### RECORDED DATA
——————

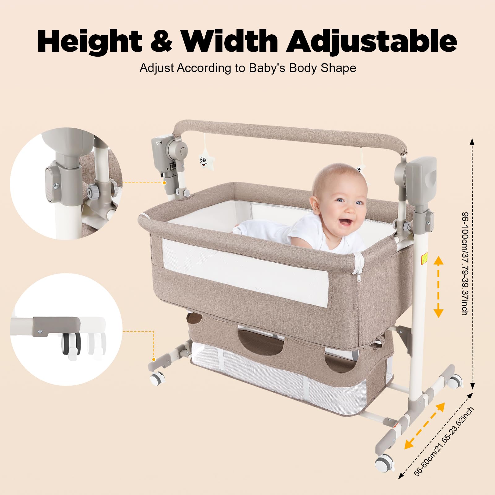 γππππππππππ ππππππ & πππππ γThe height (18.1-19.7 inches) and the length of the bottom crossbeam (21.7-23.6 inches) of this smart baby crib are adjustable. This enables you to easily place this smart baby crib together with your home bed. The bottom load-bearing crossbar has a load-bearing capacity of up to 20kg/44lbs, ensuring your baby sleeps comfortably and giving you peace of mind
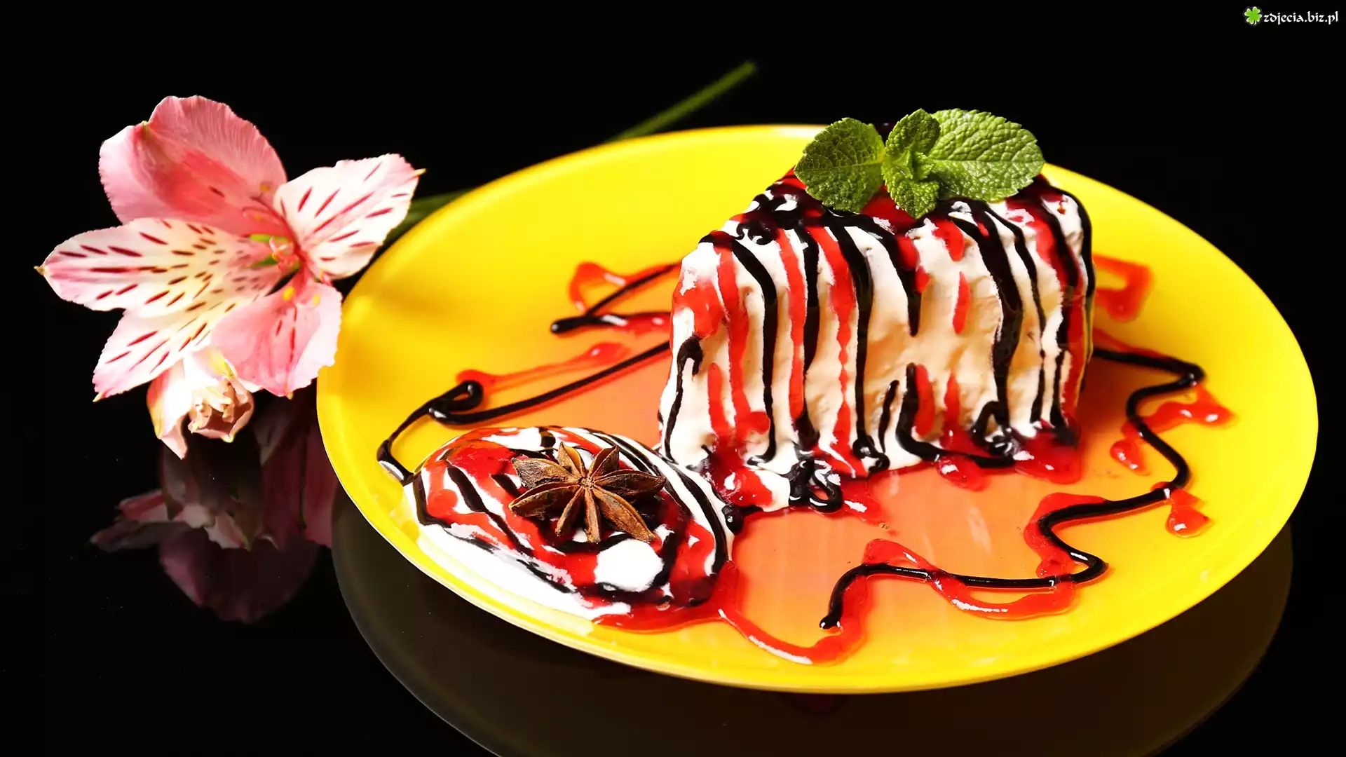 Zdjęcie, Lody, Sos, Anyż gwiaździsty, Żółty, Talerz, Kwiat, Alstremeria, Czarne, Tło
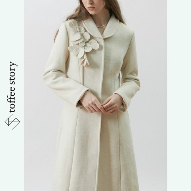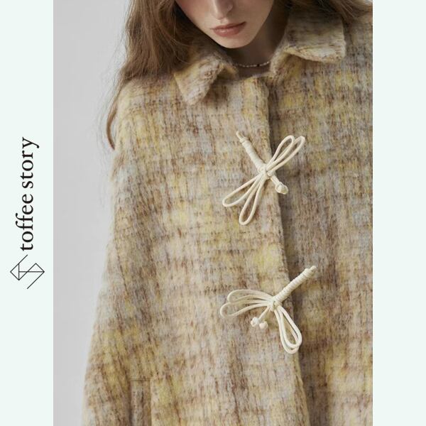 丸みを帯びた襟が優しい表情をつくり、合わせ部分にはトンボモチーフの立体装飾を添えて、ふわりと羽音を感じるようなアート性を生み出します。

——————

### REQUIRED ACTION
Only the pictures are to be left out; repeat all other material exactly.

### TASK RESULT
 γππππππππππ ππππππ & πππππ γThe height (18.1-19.7 inches) and the length of the bottom crossbeam (21.7-23.6 inches) of this smart baby crib are adjustable. This enables you to easily place this smart baby crib together with your home bed. The bottom load-bearing crossbar has a load-bearing capacity of up to 20kg/44lbs, ensuring your baby sleeps comfortably and giving you peace of mind
 Zdjęcie, Lody, Sos, Anyż gwiaździsty, Żółty, Talerz, Kwiat, Alstremeria, Czarne, Tło
 丸みを帯びた襟が優しい表情をつくり、合わせ部分にはトンボモチーフの立体装飾を添えて、ふわりと羽音を感じるようなアート性を生み出します。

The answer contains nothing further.